Anyway, if you’re anything like me, this amount of boilerplate will make you seriously uncomfortable and eager to spend a few hours looking for ways to delegate this to the compiler instead a couple of minutes of writing the necessary instances.
Generalizing the Has
class
Firstly, note that we have different classes for different environments. This might hinder making an universal solution, so let’s make the environment just another parameter:
class Has part record where
extract :: record -> part
We say that Has part record
is satisfied if part
can be extracted out of record
.
This way, our good old HasDbConfig
becomes Has DbConfig
,
and similarly for other classes we had previously.
This is almost a pure syntactic change, so, for instance,
one of our functions from the earlier post that had the type
doSmthWithDbAndCron :: (MonadReader r m, HasDbConfig r, HasCronConfig r) => ...
now has the following signature:
doSmthWithDbAndCron :: (MonadReader r m, Has DbConfig r, Has CronConfig r) => ...
The only change is a couple of spaces inserted in the right places.
We haven’t lost much of type inference either:
the type checker is still perfectly happy to figure out the return value
of extract
most of the times based on the context we will be using it.
Now that we don’t care about the specific environment type,
let’s consider what record
s satisfy the Has part record
constraint
for some fixed part
. Looks like this problem admits a nice inductive structure:
- Each record
Has
itself:Has part part
is trivially satisfied viaextract = id
. - If
record
is a product of subrecordsrec1
andrec2
, thenHas part record
is satisfied iff eitherHas part rec1
orHas part rec2
is satisfied. - If
record
is a sum ofrec1
andrec2
, thenHas part record
is satisfied if bothHas part rec1
andHas part rec2
is satisfied (although the utility of this case is not obvious, but let’s spell it out for completeness).
Looks like we have an algorithm for authomatically deriving if Has part record
is implemented
for a given pair of part
and record
!
Luckily, this sort of problems is precisely what GHC’s Generics are designed to solve.
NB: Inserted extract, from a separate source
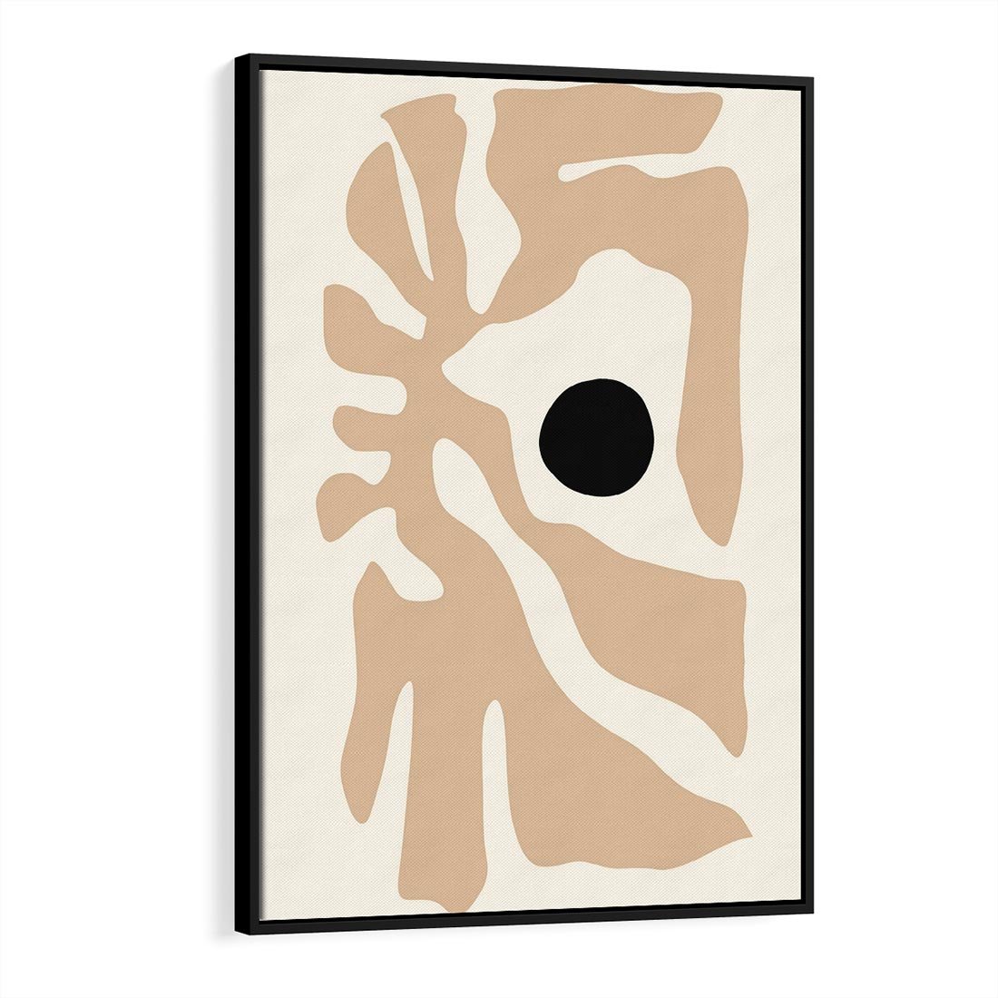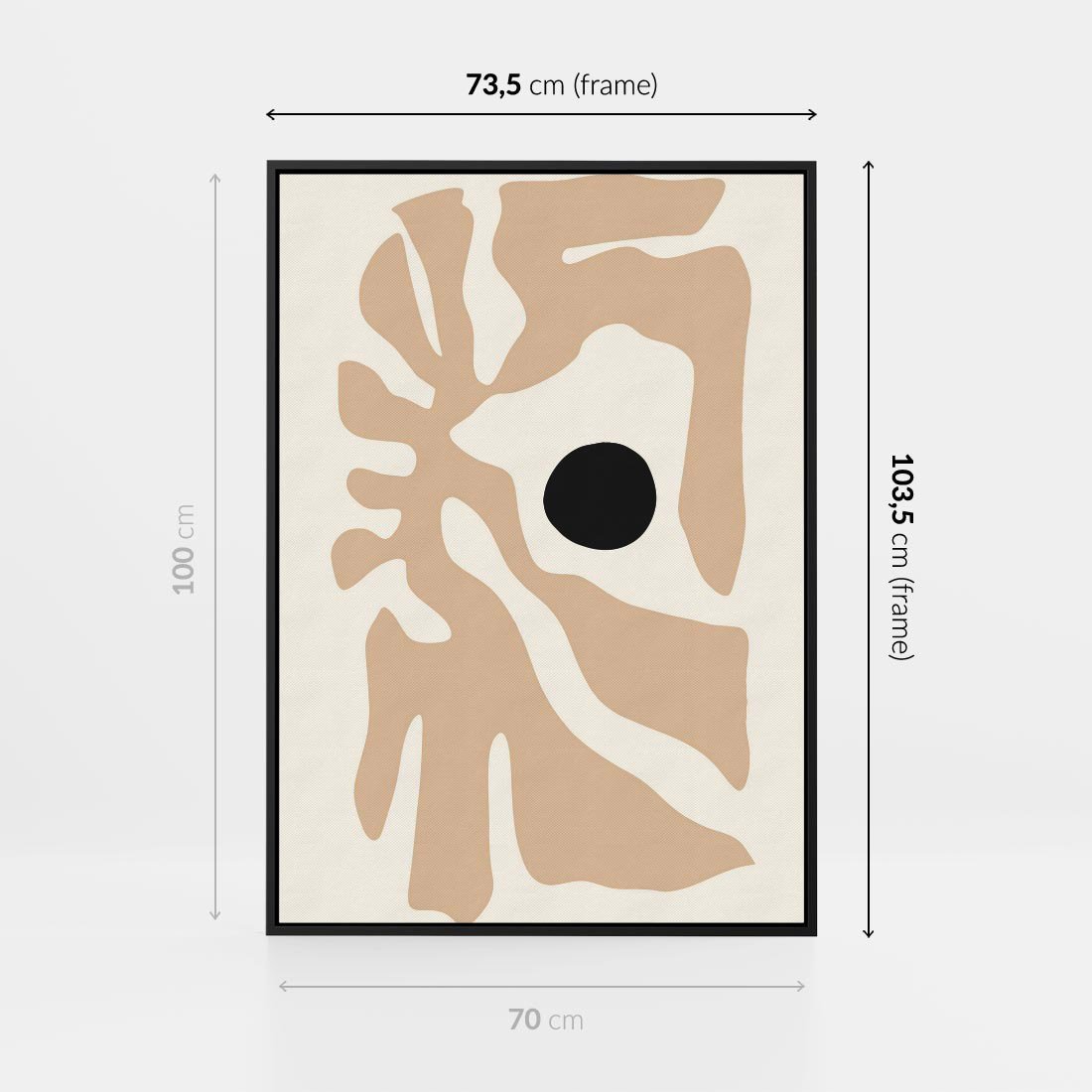 Obraz w ramie 70x100 - Eksploracja Abstrakcji - beżowa absrakcyjna kompozycja, czarny akcent - rama czarna
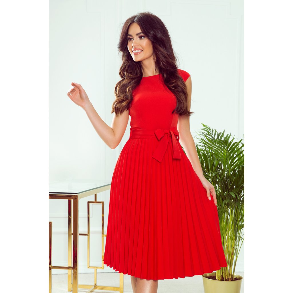 Lila - plisované šaty s krátkým rukávem a opasek. Upevněny vzadu s krytým zipem. Červená barva. Značka Numoco. Polská produkce.

Long story short, each type is isomoprhic either to a sum of some (typically smaller) types, or a product of some types, or a “base type”.
First stab
Let’s take the typical route of writing a Generic
implementation of our Has
class
via a helper GHas
class that deals with all the types arising in Generics
:
class GHas part grecord where
gextract :: grecord p -> part
Here, grecord
is the Generic
representation of our record type.
The instances follow the inductive structure outlined above:
instance GHas record (K1 i record) where
gextract (K1 x) = x
instance GHas part record => GHas part (M1 i t record) where
gextract (M1 x) = gextract x
instance GHas part l => GHas part (l :*: r) where
gextract (l :*: _) = gextract l
instance GHas part r => GHas part (l :*: r) where
gextract (_ :*: r) = gextract r
K1
corresponds to the base case.M1
is someGenerics
-specific stuff containing extra metadata that we don’t care about and just go through it.- The first
l :*: r
clause corresponds to the case where the “left” component of the product type haspart
((a, b)
haspart
whena
haspart
). - Similarly, the second
l :*: r
clause corresponds to the case where the “right” component of the product type haspart
((a, b)
haspart
whenb
haspart
).
Note that we only support product types. My impression is that sum types are used way less often in this context, so let’s avoid them to simplify the solution.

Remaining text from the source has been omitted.